## [Given information]
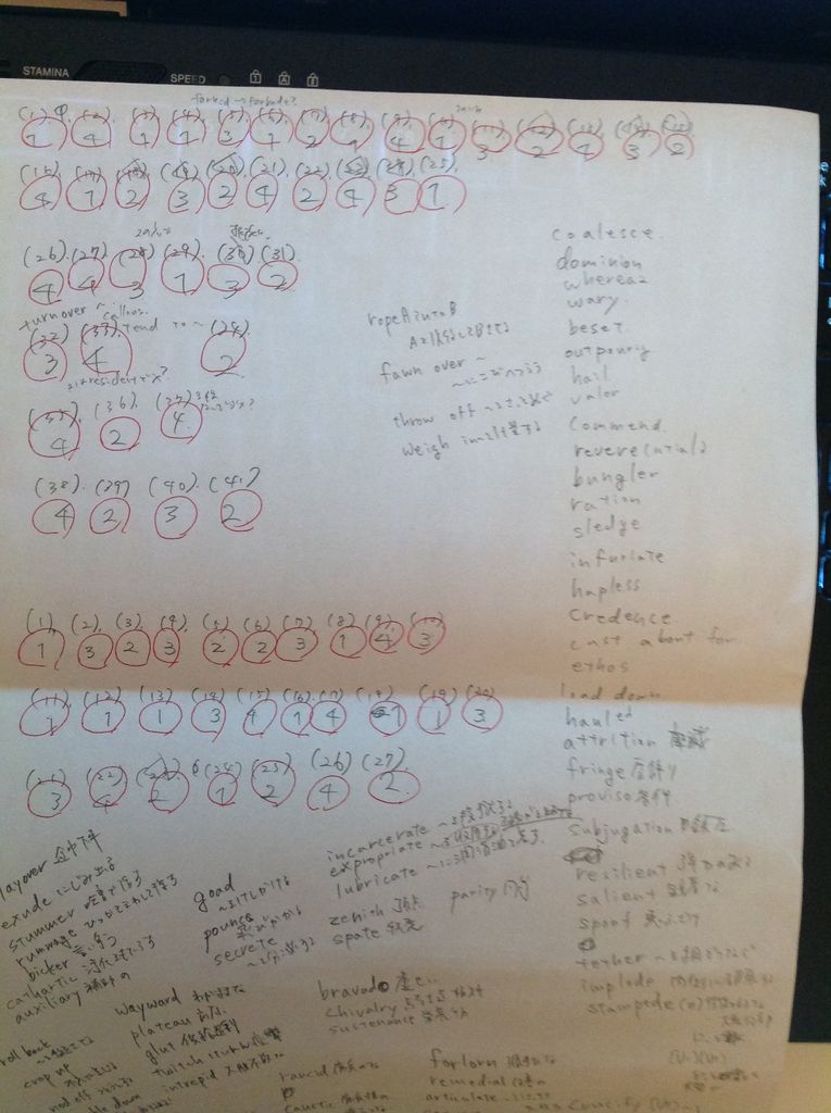 リーディングはかなり自信があったけれども、語彙問題は2問勘で、
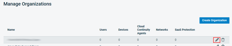 To manage users, networks, or devices for the organization, click Edit (the pencil icon) next to the organization. To delete the organization, click Delete (the trash can icon).
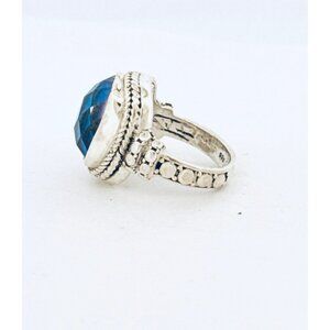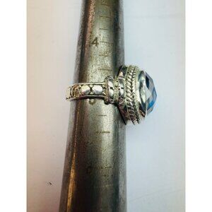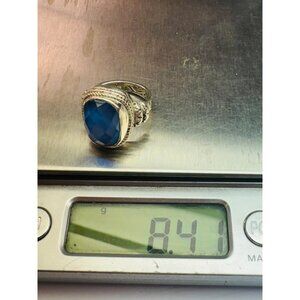 • Estate Sterling Silver 925 Blue Crystal Cocktail Ring, Size 5, 8.41g, Vintage
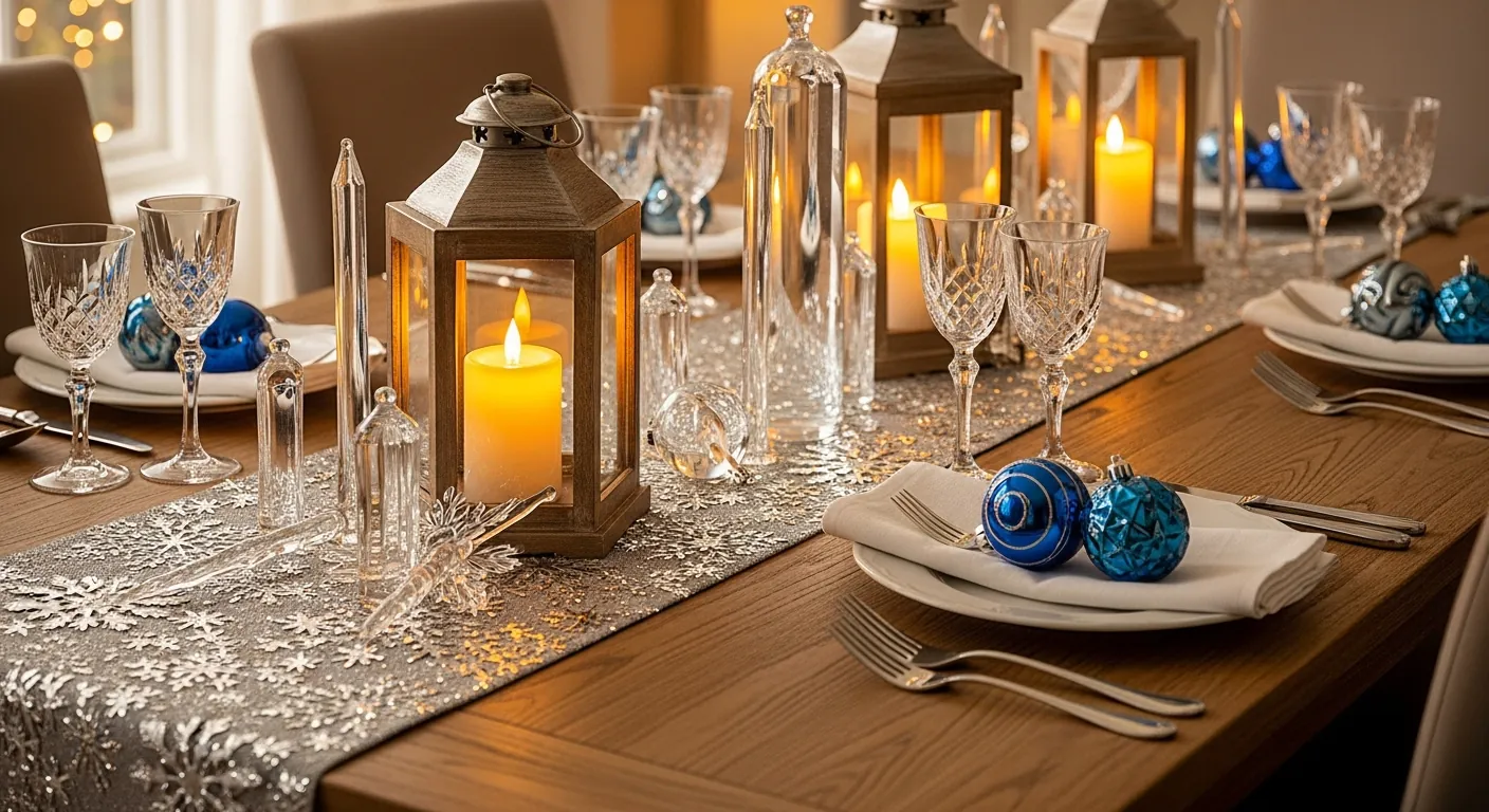 Run a silver snowflake table runner down the center and layer lanterns or flameless candles at varying heights for a luminous tablescape. Add small clusters of blue-and-silver baubles in bowls or on place settings to tie the palette through the meal.

## [Aim of the task]
An exact copy of the listing above is to be set down, with no pictures in it.

## [Result of this exercise]
 リーディングはかなり自信があったけれども、語彙問題は2問勘で、
 To manage users, networks, or devices for the organization, click Edit (the pencil icon) next to the organization. To delete the organization, click Delete (the trash can icon).
 • Estate Sterling Silver 925 Blue Crystal Cocktail Ring, Size 5, 8.41g, Vintage
 Run a silver snowflake table runner down the center and layer lanterns or flameless candles at varying heights for a luminous tablescape. Add small clusters of blue-and-silver baubles in bowls or on place settings to tie the palette through the meal.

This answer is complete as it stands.